The programme is led by the European Space Agency (ESA) in collaboration with the Russian Federal Space Agency (Roscosmos). The programme will search for biosignatures of Martian life, past or present, employing several spacecraft elements to be sent to Mars on two launches. The ExoMars Trace Gas Orbiter (TGO) and a test stationary lander called Schiaparelli were launched on 14 March 2016. The TGO will deliver Schiaparelli lander in 19 October 2016, and then proceed to map the sources of methane on Mars and other gases. The TGO features four instruments and will also act as a communications relay satellite.

The Trace Gas Orbiter (TGO) is a Mars telecommunications orbiter and atmospheric gas analyzer mission that was launched on 14 March 2016. The spacecraft will arrive in the Martian orbit in October 2016. It will deliver the ExoMars Schiaparelli EDM lander and then proceed to map the sources of methane on Mars and other gases, and in doing so, help select the landing site for the ExoMars rover to be launched in 2018. The presence of methane in Mars’ atmosphere is intriguing because its likely origin is either present-day life or geological activity. Upon the arrival of the rover in 2021, the orbiter would be transferred into a lower orbit where it would be able to perform analytical science activities as well as provide the Schiaparelli EDM lander and ExoMars rover with telecommunication relay. NASA provided an Electra telecommunications relay and navigation instrument to ensure communications between probes and rovers on the surface of Mars and controllers on Earth. The TGO would continue serving as a telecommunication relay satellite for future landed missions until 2022.

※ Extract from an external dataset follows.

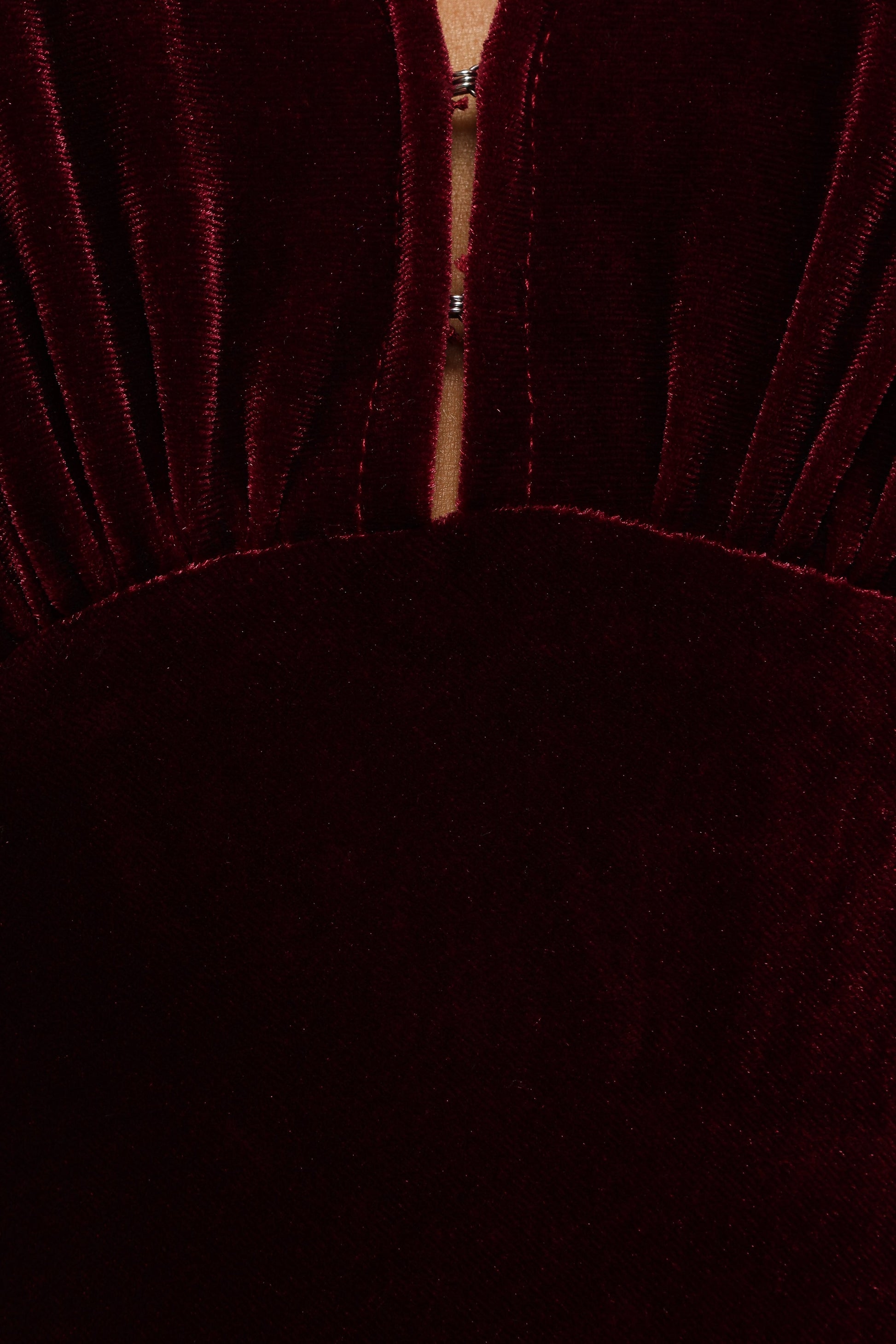 DETAILS This elegant velvet maxi dress is perfect for any special occasion. It features a v neckline and hook and eye closure. The short sleeves have gathered bust detail to create the perfect silhouette.

The Entry, Descent and Landing Demonstrator Module (EDM) called Schiaparelli, is intended to provide the European Space Agency (ESA) and Russia’s Roscosmos with the technology for landing on the surface of Mars. It was launched together with the ExoMars Trace Gas Orbiter (TGO) on 14 March 2016 and will land on 19 October 2016. The lander is equipped with a non-rechargeable electric battery with enough power for four sols. The landing will take place on Meridiani Planum during the dust storm season, which will provide a unique chance to characterize a dust-loaded atmosphere during entry and descent, and to conduct surface measurements associated with a dust-rich environment.

Once on the surface, it will measure the wind speed and direction, humidity, pressure and surface temperature, and determine the transparency of the atmosphere. It carries a surface payload, based on the proposed meteorological DREAMS (Dust Characterization, Risk Assessment, and Environment Analyser on the Martian Surface) package, consists of a suite of sensors to measure the wind speed and direction (MetWind), humidity (MetHumi), pressure (MetBaro), surface temperature (MarsTem), the transparency of the atmosphere (Optical Depth Sensor; ODS), and atmospheric electrification (Atmospheric Radiation and Electricity Sensor; MicroARES). The DREAMS payload will function for 2 or 3 days as an environmental station for the duration of the EDM surface mission after landing”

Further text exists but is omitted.